Глеб смутился, пожал плечами.
— Знаешь… Две недели назад, если по нашему времени считать, я там надолго задержался, — признался он наконец.
— Почему? Ведь ты же умеешь возвращаться?
Глеб молчал, машинально сгибая и разгибая красную бумажную салфетку. Салфетка незаметно превращалась в бумажный самолётик.
— Раньше у меня это само собой получалось. А тут… Может, оттого, что думал — возвращаться особо не зачем. Теперь-то понял, что дурак был. — Глеб посмотрел Луше прямо в глаза, устало улыбнулся. — И рад, что вернулся…
— Ты больше не делай, как сегодня. Никто из хронодайверов не исчезает открыто, у всех на виду… Это производит на людей не слишком благоприятное впечатление.
— Да я никуда и не собирался. Я просто вдруг подумал… Ладно, неважно. Если честно, я вообще не знаю, как это у меня выходит. Я не умею, вот как ты — захотела и — раз!
Глеб прицелился бумажным самолётиком в сахарницу. Самолётик ткнулся в её выпуклый белый фаянсовый бок и вяло шмякнулся на стол, распластав мягкие салфеточные крылья.
— Ну-ну, — хмыкнула Луша, вспомнив, как влепилась сегодня в церковный столб и сосредоточенно потёрла надо лбом ладонью, ощущая, что там, под волосами, образовался никому не видный, однако нехилый синяк. — Не думай, я не сразу научилась. И у меня был хороший учитель. Но скажи, зачем тебе туда понадобилось?
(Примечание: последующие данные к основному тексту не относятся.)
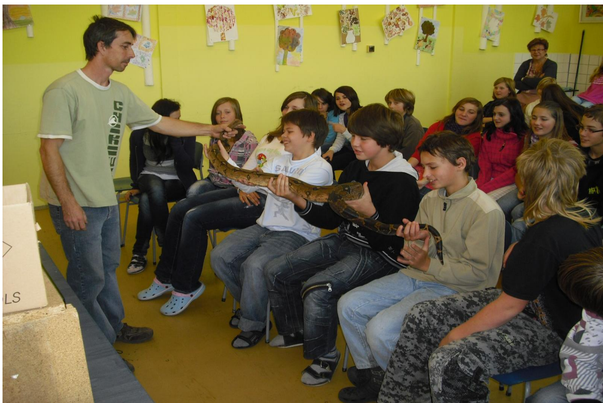
Přednáška o hadech a ještěrech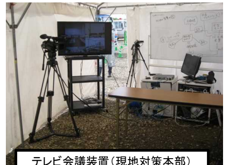
テレビ会議装置(現地対策本部)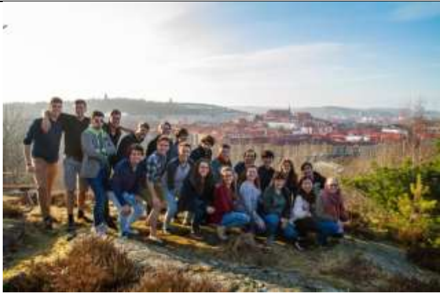
Fig 1. 與哥德堡大學的朋友拍照

出來一趟跟許多國家的人聊天之後才知道，其實每個國家或多或少都有自己的問題，並沒有一個完美的地方，很多被外人推崇的制度其實在當地也會面臨改革的需要。談論政治議題，也是一個大家常常好奇的內容，尤其台灣是個小國家，很多人對台灣也不是很了解，對歷史和政治環境有所認識，不只可以跟其他人討論很久，也可以順便讓大家認識台灣這個國家，做點國民外交！政治參與是全部公民都需要做的事，對政治冷感就是讓壞的人統治自己，尤其在歐洲民主如此發展的地方，大家時不時就是討論社會議題，抱怨政治現況而對改變有所冀求我認為算是全球的趨勢吧！來到歐洲，看見那麼多古老建築，自然而然的就慢慢對歷史有所興趣與認識了，多參加走路團，多跟人聊聊，認識世界也認別人認識你和台灣吧！

— Само как-то получилось… — уклончиво ответил он сначала, но потом всё-таки признался: — Я не ожидал её здесь увидеть… Понимаешь — смотрю, та самая икона… Я её ни с какой другой не перепутаю. Андрей её писал, понимаешь?…
— Андрей? Рублёв, что ли?!!
Глеб с усилием кивнул, облизал пересохшие губы.
— Он список делал — вот с этой, с древней, с Владимирской. — Глеб обернулся на прислонённую к стене позади диванчика, прикрытую платком икону. — Это я уже в другой раз видел, — пояснил он, — был у него в мастерской, за плечом стоял. Он ещё спросил меня так странно: «Ты никак помер, Глебушко?» Принял меня за видение, что ли? Я даже растерялся. «Нет говорю ему, жив пока…» Помнишь, вечеринка была с фокусами? Ну вот тогда…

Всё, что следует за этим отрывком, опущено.